Les changements sociaux et politiques que connaît le Venezuela, notamment depuis 1998, sous les deux mandats du président Hugo Chávez, font de ce pays un terrain propice à l’étude de cette question. Il motivera, en partie, la forte mobilisation de la population, à la fois pour s’approprier les espaces de participation qui se développent sous ces gouvernements, mais aussi pour défendre ou pour rejeter le projet de pays qu’incarne la figure du président. Cette mobilisation est majoritairement féminine.
La politique de la participation se développe sous des formes différentes à travers deux étapes distinctes qui modifient la place et le rôle des femmes dans celle-ci et qui justifient le choix de la période étudiée dans cette recherche. La première va de 2002 à 2006 : elle se concentre autour du dispositif participatif que sont les Conseils Locaux de Planification Publique (CLPP). Créés en 2002 pour favoriser le développement d’une citoyenneté « active », ces Conseils ont pour objectif de permettre la participation des habitant.e.s –organisé.e.s en communautés- à l’élaboration du budget municipal dans un travail de co-gestion et de coresponsabilité avec la mairie. Les CLPP ont été amplement investis par les communautés où les femmes des classes populaires se sont mobilisées massivement dans le but d’améliorer les conditions de vie du territoire habité et de revendiquer leur rôle d’actrices du développement local. Cette première étape de la politique de la participation bolivarienne fut l’objet d’une première recherche empirique, centrée sur les motivations et les modalités de participation des femmes dans ces structures afin étudier la question de leur accès à la citoyenneté, à travers leur accès à l’espace public.

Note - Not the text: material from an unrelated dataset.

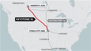 计划中的加拿大到美国南部的基斯顿输油管道项目 © Transcanada Pipelines Ltd/The Canadian Press

La deuxième étape, allant de 2006 à 2012, se structure autour des Conseils Communaux (CC). Le travail commun avec la mairie est abandonné au profit d’un autre objectif, celui de la construction des « autogouvernements communautaires ». Cette étape concerne la période du deuxième et dernier mandat investi par le président Chávez, allant de 2006 à 2012, et incluant, en 2008, la création d’un ministère chargé de lutter contre les inégalités de genre et pour l’amélioration des conditions de vie des femmes. Le nouveau dispositif de participation que sont les CC propose désormais aux communautés d’administrer directement les ressources allouées, au niveau national et par les institutions régionales en charge de la question de la participation. Ainsi, les CC se rapprochent des activités quotidiennes des gens ordinaires et se placent au coeur des relations interpersonnelles. Bien qu’elles ne soient pas toujours conformes au régime démocratique, ces transformations sont favorables au pouvoir des femmes en politique, dont les actions se construisent en dehors du cadre institutionnel et des espaces formels traditionnels. Dans un pays où ces dernières occupent un rôle d’autorité dans la structure sociale, elles deviennent des actrices clefs pour l’Etat vénézuélien. Leur « pouvoir de mobilisation » devient central pour le chavisme dont la perte de popularité se fait sentir.

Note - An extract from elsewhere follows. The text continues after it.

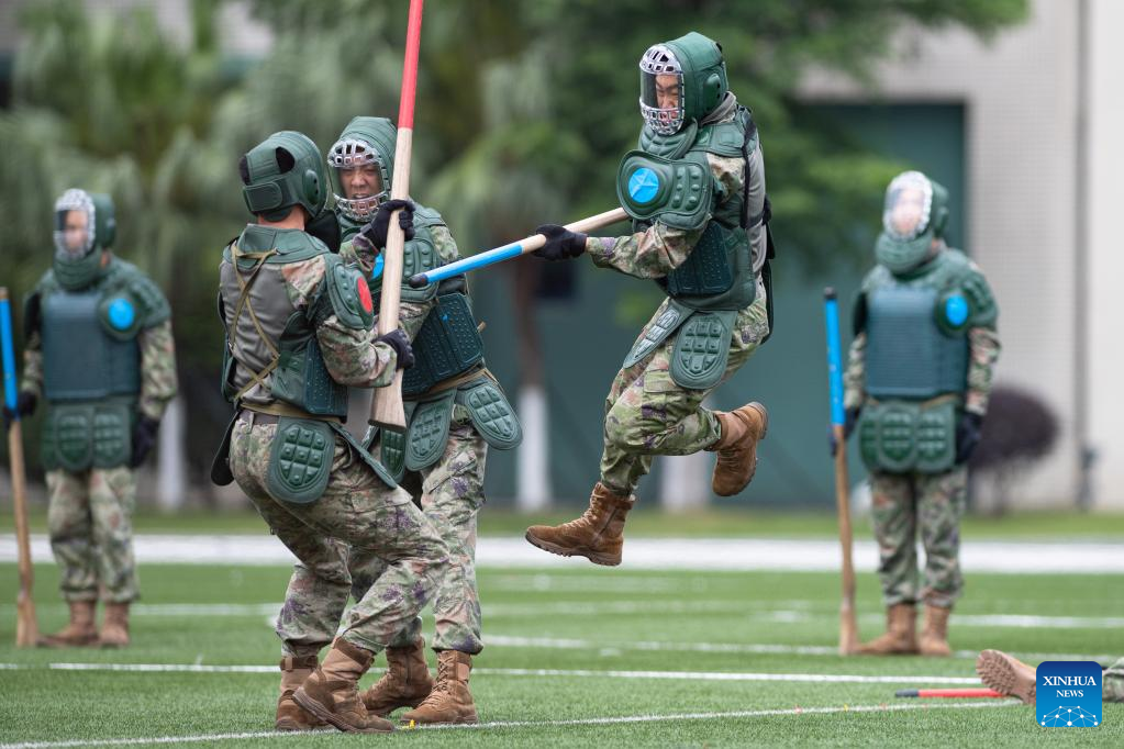 After a national flag-raising ceremony in the morning, soldiers of the garrison staged military exercises, including combatting and anti-terrorist operations, as well as theatrical performances.

Fruit de sept années de recherche et de près de deux ans de terrain, cette thèse allie les techniques classiques de l’enquête sociologique à de nouveaux outils –les carnets intimes et les photographies participatives- révélant l’importance du tournant affectif induit par l’expérience participative dans la vie des enquêté.e.s. En adoptant la méthode de la théorie enracinée, elle propose l’analyse la plus complète possible du changement social étudié, à travers le partage du quotidien et l’étude longitudinale des trajectoires individuelles, surtout des femmes mais aussi de certains hommes. Une « ethnographie en mouvement » a été réalisée dans deux états de province, naviguant entre les bidonvilles de Carabobo et les montagnes de Mérida, reliant le foyer au gouvernement, en passant par le quartier et les institutions, permettant la réalisation des 147 entretiens sur lesquels repose l’enquête.
Cette recherche s’appuie donc sur une analyse multi-niveaux permettant de saisir l’enjeu multidimensionnel de la participation qui s’effectue à l’échelle locale, selon un plan en trois temps. Ma démarche consiste à varier la focale pour percevoir les changements qui se produisent, à la fois dans la vie des individu.e.s, au sein d’une communauté, dans les rapports de classe et de genre, et dans le système de participation qui s’élabore au niveau gouvernemental.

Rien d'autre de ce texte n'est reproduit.